Gempar di Jatinangor,Pria Depresi Disangka Teroris

by -54 views

Gempar di Jatinangor, Pria Depresi Disangka Teroris

Jatinangorku.com. – Warga Kp. Marga Mekar, Desa Heharmanah, Kec. Jatinangor, Kab. Sumedang gempar menyusul aksi mencurigakan seorang pria tak dikenal di rumah kosong. Mereka menduga pria tersebut seorang teroris.

Namun aksi pria yang kabarnya sampai pada aparat Polsek Jatinangor, Polres Sumedang, Polda Jabar hingga Densus 88 ini berakhir pada Minggu (8/9) malam. Ia diamankan aparat kepolisian.

Hasil pemeriksaan petugas Satreskrim Polres Sumedang, pria yang diketahui bernama Dwi Setiawan (39), warga Magelang, Jawa Tengah ini dinyatakan stres alias mengalami gangguan kejiwaan.

“Setelah diamankan dan menjalani pemeriksaan selama satu malam di Mapolres Sumedang, pria ini ternyata stres, diduga kuat mengalami gangguan jiwa. Pria bernama Dwi ini tidak terindikasi ke jaringan teroris. Saat diperiksa ternyata tidak nyambung,” kata Kasat Reskrim, AKP Salim Azis saat dihubungi melalui telepon selulernya, Senin (9/9).

Dwi diamankan di sebuah rumah kosong di Kp. Marga Mekar. “Ya, masyarakat curiga karena ia mendiami rumah kosong. Ia menyendiri di rumah tersebut untuk mewujudkan obsesinya pada ilmu hitam,” katanya.

Pihaknya tidak menemukan barang-barang mencurigakan seperti komponen untuk merakit bom. “Kita berencana mengembalikan Dwi ke tempat asalnya, termasuk membuka garis polisi di rumah kosong tersebut,” terangnya.

Bukan teroris

Hal senada dikatakan Kabid Humas Polda Jabar, Kombes Pol. Martinus. Ia memastikan penangkapan Dwi yang sempat menjalani pemeriksaan di Mapolres Sumedang, tidak ada kaitannya dengan kelompok teroris. “Bukan kelompok teroris. Sudah dicek ke Densus 88, ternyata tidak kaitannya sama sekali,” tegas Martinus di Mapolda Jabar, Jln. Soekarno-Hatta, Senin (9/9).

Penangkapan Dwi pada Minggu (8/9) pukul 19.30 WIB berawal dari laporan warga sekitar yang curiga dengan aktivitasnya di rumah kosong.

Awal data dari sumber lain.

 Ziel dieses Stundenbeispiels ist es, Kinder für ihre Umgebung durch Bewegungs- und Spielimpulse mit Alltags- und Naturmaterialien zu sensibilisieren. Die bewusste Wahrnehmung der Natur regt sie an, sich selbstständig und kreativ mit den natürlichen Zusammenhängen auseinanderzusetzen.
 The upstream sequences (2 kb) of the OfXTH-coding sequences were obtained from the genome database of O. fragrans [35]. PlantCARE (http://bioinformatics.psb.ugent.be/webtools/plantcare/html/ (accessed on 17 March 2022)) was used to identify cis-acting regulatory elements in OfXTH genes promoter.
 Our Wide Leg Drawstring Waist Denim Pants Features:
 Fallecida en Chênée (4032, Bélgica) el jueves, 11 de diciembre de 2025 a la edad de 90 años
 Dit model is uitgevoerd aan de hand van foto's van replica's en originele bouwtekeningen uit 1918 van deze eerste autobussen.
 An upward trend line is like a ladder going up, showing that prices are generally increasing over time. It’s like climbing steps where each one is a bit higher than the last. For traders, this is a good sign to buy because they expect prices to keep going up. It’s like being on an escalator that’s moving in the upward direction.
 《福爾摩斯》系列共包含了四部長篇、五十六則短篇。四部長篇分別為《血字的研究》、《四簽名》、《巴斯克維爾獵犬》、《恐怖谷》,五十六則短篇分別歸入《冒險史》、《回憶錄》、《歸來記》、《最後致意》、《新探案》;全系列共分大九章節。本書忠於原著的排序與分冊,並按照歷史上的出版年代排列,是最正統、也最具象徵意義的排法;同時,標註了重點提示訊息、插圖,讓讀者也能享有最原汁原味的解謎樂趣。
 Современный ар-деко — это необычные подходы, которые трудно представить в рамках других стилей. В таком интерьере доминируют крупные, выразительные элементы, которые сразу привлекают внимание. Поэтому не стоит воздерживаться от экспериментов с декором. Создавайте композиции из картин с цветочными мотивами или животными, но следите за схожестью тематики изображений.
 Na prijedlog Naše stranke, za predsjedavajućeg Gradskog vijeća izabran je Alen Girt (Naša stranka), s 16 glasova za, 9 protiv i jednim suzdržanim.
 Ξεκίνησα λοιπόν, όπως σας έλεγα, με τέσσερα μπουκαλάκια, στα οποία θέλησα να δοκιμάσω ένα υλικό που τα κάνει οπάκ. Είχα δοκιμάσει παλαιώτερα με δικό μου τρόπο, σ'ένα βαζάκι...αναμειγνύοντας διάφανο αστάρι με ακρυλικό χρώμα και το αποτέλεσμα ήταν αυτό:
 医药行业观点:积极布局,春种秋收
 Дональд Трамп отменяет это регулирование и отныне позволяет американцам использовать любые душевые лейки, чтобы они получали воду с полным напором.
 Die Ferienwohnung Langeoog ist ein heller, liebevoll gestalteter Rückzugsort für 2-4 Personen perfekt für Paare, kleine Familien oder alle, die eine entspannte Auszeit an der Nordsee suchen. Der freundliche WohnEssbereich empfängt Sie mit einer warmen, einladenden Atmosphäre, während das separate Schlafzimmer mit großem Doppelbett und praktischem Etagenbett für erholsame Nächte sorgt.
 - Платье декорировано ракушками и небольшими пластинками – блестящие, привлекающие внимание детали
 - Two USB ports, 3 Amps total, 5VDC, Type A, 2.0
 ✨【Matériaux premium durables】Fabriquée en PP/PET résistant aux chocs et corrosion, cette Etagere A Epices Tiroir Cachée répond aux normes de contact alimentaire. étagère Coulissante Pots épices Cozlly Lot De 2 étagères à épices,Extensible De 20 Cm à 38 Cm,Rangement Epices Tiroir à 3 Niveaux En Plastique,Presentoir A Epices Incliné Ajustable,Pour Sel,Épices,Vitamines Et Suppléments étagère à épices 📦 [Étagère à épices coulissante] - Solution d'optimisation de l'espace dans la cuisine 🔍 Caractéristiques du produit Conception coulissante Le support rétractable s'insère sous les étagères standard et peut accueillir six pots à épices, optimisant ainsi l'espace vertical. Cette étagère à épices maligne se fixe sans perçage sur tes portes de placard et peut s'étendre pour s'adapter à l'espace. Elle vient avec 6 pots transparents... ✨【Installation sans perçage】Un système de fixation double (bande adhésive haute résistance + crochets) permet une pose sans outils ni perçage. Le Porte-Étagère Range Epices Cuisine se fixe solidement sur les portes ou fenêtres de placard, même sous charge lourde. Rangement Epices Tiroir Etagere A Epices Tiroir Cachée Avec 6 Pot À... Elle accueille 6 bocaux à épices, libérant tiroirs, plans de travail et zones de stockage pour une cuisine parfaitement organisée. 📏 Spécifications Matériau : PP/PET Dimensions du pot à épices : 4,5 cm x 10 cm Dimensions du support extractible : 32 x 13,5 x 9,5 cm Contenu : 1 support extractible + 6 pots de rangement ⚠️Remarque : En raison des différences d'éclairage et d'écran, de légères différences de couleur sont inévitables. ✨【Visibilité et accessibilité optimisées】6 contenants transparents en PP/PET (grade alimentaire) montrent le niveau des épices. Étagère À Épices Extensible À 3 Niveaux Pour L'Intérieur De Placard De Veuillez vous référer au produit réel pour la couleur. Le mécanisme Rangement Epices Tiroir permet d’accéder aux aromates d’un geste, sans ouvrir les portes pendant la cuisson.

Ia tinggal rumah tersebut selama 4 hari tanpa seizin pemilik dan tidak melapor pada siapa pun. “Sehingga warga resah dan selentingan pun menyebar, katanya Dwi ini seorang teroris,” tambahnya.

Saat penangkapan dilakukan, benar saja, Dwi ada di dalam rumah. Anggota Polsek Jatinangor juga mendapati sejumlah barang yaitu tas pinggang, ponsel, paspor, dan uang Rp 400 ribu. Selain itu, di TKP juga ditemukan barang lainnya seperti 1 kapak, 3 ponsel, kabel tembaga 4 gulung kecil, 3 obeng, 1 tang, 1 pisau besar, 4 baterai 4, stop kontak listrik, sekring, remote control, CD, charger, paku, dan baut.

“Dari hasil pemeriksaan, ia sama sekali tidak memiliki keterkaitan dengan kelompok teroris. Barang-barangnya pun terindikasi tidak memiliki kaitan sama sekali dengan aksi pengemboman atau teror lainnya,” terang Martinus.